I’m thinking about this because an interesting thing
happened at this year’s Australian Open.
Moments of frustration were remarkably absent. I have no data to support this, but my own
guess is that number of incidents in which a player displayed visible anger or
frustration sharply declined from major tournaments in recent years. Let’s assume I’m right for a moment. What might explain it? This year’s Australian Open marked the first
time a grand slam event was called entirely through
technology, rather than by human linespeople. I think these two facts are likely
related. The linespeople are not
playing, but you can nevertheless take the participant standpoint
toward them. When a human being in front
of you calls your ball out, it’s easy enough to react with anger. Hawk-Eye, by contrast, is not
an agent. So it makes sense, I think,
that otherwise hot-headed players can shrug off the verdicts of a computer more
than those from a chair umpire. Even
McEnroe hasn’t suggested that the Hawk-Eye cannot
be serious.
What’s a little more surprising to me is that not only did
the Australian Open see fewer incidents of player-to-official anger, but it
also saw (again, based on my own speculation, along with opinions from
commentators in the TV booth) fewer episodes of players getting mad at themselves. There were a few puzzling moments of
adjustment in which a player would move to challenge a call. But of course, the same technology reviewing
the challenge was the one that made the call in the first place. All that could be done was look again the
replay, with its dispassionate re-presentation of reality.

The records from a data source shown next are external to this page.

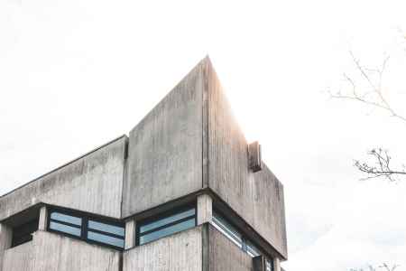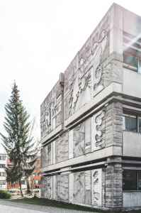 Der MSS-Bau unserer Schule wurde im „brutalistischen“ Stil der 1970er Jahre gebaut, erkennbar am sichtbaren rohen Beton. Das Gebäude erhält von außen etwas Dynamik durch eine dekorative Spitze auf dem Dach.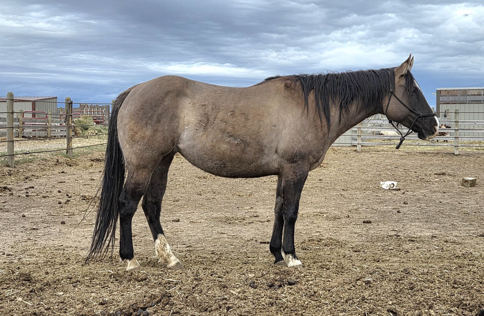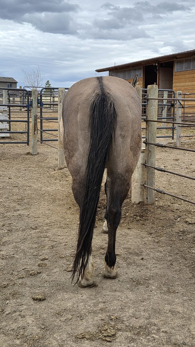 VenmoBeautiful AQHA Grulla Mare, I have only used her as a Broodmare, she had had 2 nice colts for me! She is sound if you wanted to train her, color tested, panel clean, 15h with a thick build! She can be harder for me to catch but handles fine once caught, stands tied, loads and hauls great! Middle/lower end of the pecking order in my herd, just needing to cut back on a few!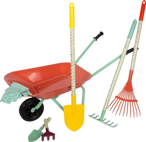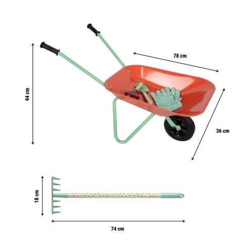 Tato velká zahradní sada s kolečky nabízí vše potřebné pro malé zahradníky. Obsahuje zahradní kolečko, tři velké nástroje (hrábě, rýč a motyku), dva menší ruční nástroje (lopatku a ruční hrábě) a odolné dětské zahradní rukavice. Děti tak mají ideální vybavení pro kreativní práci na zahradě, pískovišti i na pláži. Stabilní kolečko s pevnými koly se snadno ovládá a umožňuje pohodlně převážet zeminu, písek i malé zahradní poklady. Velké i malé nástroje jsou přizpůsobené dětským rukám, takže kopání, hrabání, sázení nebo stavění na pískovišti je snadné a zábavné. Veselé motivy zvířátek navíc dodávají celé sadě hravý vzhled. Velkou výhodou jsou také odolné pracovní rukavice v dětské velikosti, které chrání malé ruce při práci. Moderní barevné provedení dělá ze sady atraktivní doplněk pro každé venkovní dobrodružství. Ať už na zahradě, na pískovišti nebo u vody, zahradní sada s trakařem přináší dětem radost z pohybu a podporuje jejich vztah k přírodě hravou formou. Hlavní vlastnosti: kompletní zahradní sada s kolečkem pro malé zahradníkyobsahuje 3 velké nástroje (hrábě, rýč, motyku) a 2 ruční nástroje (lopatku, hrábě) kvalitní kovová korba s nosností až 15 kg stabilní kolečko s pevnými koly pro snadné převážení materiálu kvalitní dětské pracovní rukavice v univerzální dětské velikosti nářadí přizpůsobené dětským rukám pro pohodlné používánívhodné na zahradu, pískoviště i na plážveselý design se zvířecími motivypodporuje pohyb, kreativitu a vztah k přírodě

Again granting myself these facts to work with, I want to
suggest two lessons: one shallow and one slighter deeper. The shallower lesson
is about what we might call the phenomenology of interference. It’s really bad for people to be subject to
the interference of other agents. It
affects not just our well-being but also our sense of
self-efficacy and the value we attach to our actions. Not accomplishing what we want is one
thing. Not accomplishing it because
someone else interfered is another thing entirely. I also think that interference
can affect our relationship with ourselves.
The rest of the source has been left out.